EU countries have conducted border controls within the Schengen 205 times since 2015

The head of the European Commission, Ursula von der Leyen, said that between 2006 and 2014 the internal controls of individual borders in the Schengen area were only temporarily introduced 25 times.

The Schengen area is experiencing an acute migration and pandemic crisis, and since the beginning of 2015 border controls have been renewed 205 times at various borders within the Schengen area. This was announced on Monday by the head of the European Commission, Ursula von der Leyen, whose statement was published by the European Commission’s press office.

“From 2006 to 2014, for nine years, internal controls of individual borders [within the Schengen area] were temporarily introduced 25 times. However, since 2015, border controls have been introduced 205 times during the incomplete five years. This is a very significant increase. We need to understand its reasons and respond to them urgently,” she said.

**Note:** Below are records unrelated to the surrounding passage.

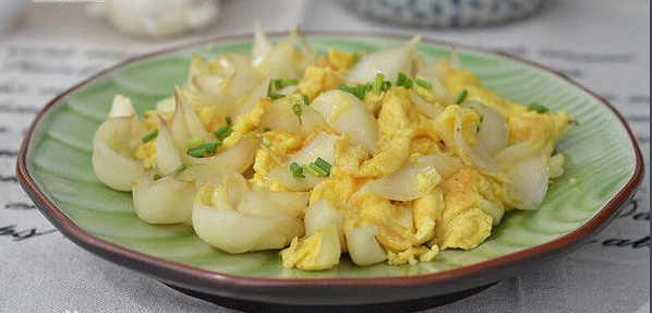 2:炒锅放极少量油,热至四五成时倒入蛋液,炒熟,分切成大块,铲出备用。另起锅,爆葱和姜。加入百合翻炒两分钟。倒入之前炒好的鸡蛋。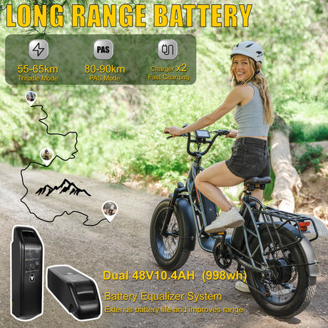 E·Bycco 26'' EB7PRO Dual Motor 2000W Peak 3000W 52V 23Ah Power for Adults Adult Electric Bike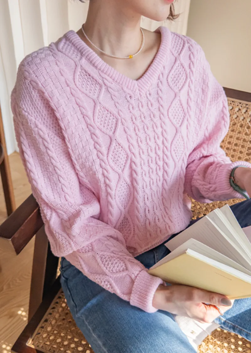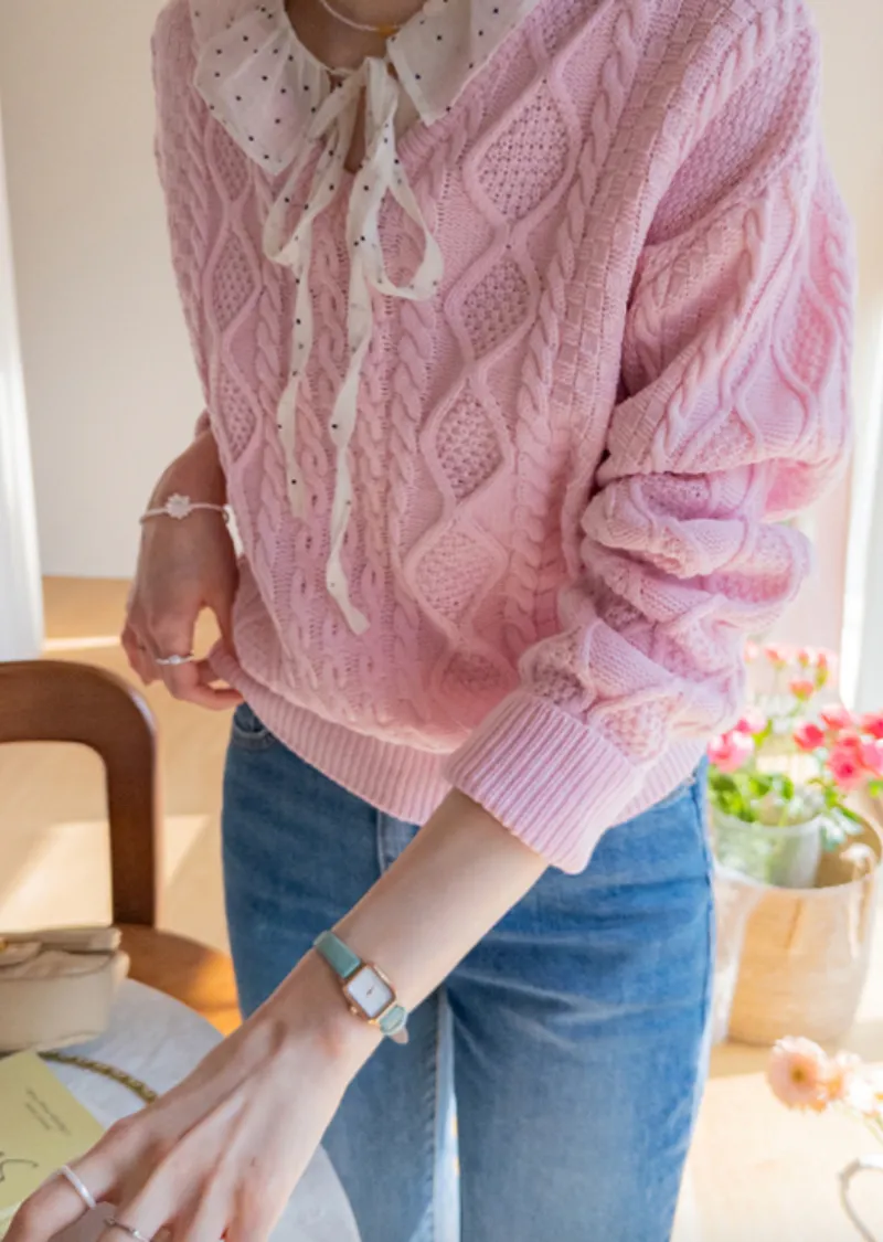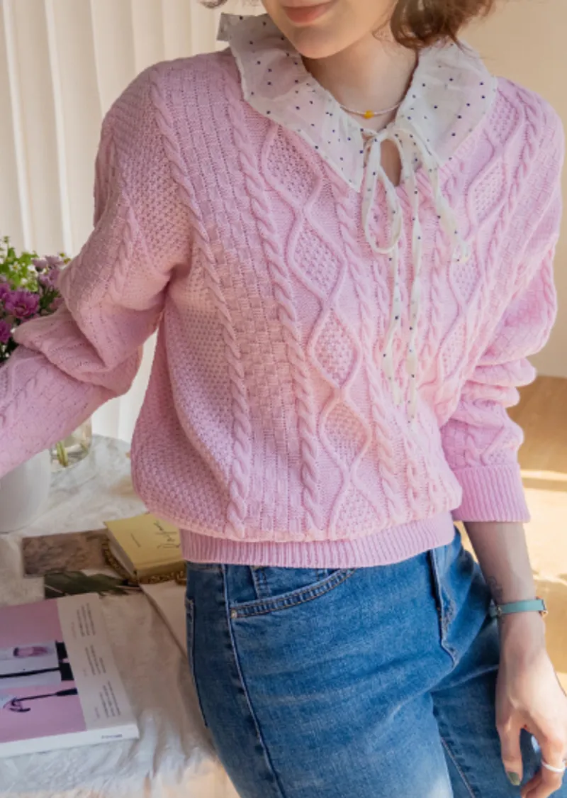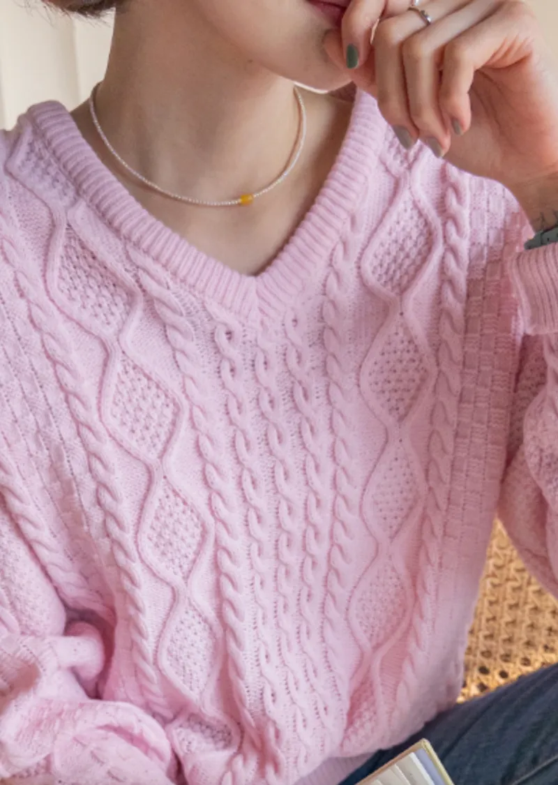 【立體扭紋編織針織衫】【可愛的粉紅色調】【領口細節營造浪漫氛圍】【非常適合搭配襯衫疊穿】

To fight this crisis, von der Leyen called for three main areas of work. Firstly, to significantly increase controls at the external borders of Schengen in order to reduce the number of illegal border crossings. Secondly, police cooperation between the countries in the zone must be significantly expanded in order to monitor migration flows and combat cross-border crime. Thirdly, she called for better Schengen controls at the political level as well as clearer compliance by all EU countries.

“I am convinced that we must continue to develop the Schengen while maintaining its significant benefits,” said the Head of the European Commission.

In 2015, an acute migration crisis began in the EU. In the face of a strong migration flow, since September 2015, EU countries have been implementing border controls within the community one by one. And, in some cases, these measures were valid for up to one year, despite the fact that the deadline for the temporary resumption of border control in emergency circumstances, according to the Schengen Agreement, can not exceed 2 months. The second wave of total border closures began in March this year due to the coronavirus pandemic. This time, it was possible to open the borders by June, but with the second wave of the pandemic in Europe, the risks of new restrictions remain.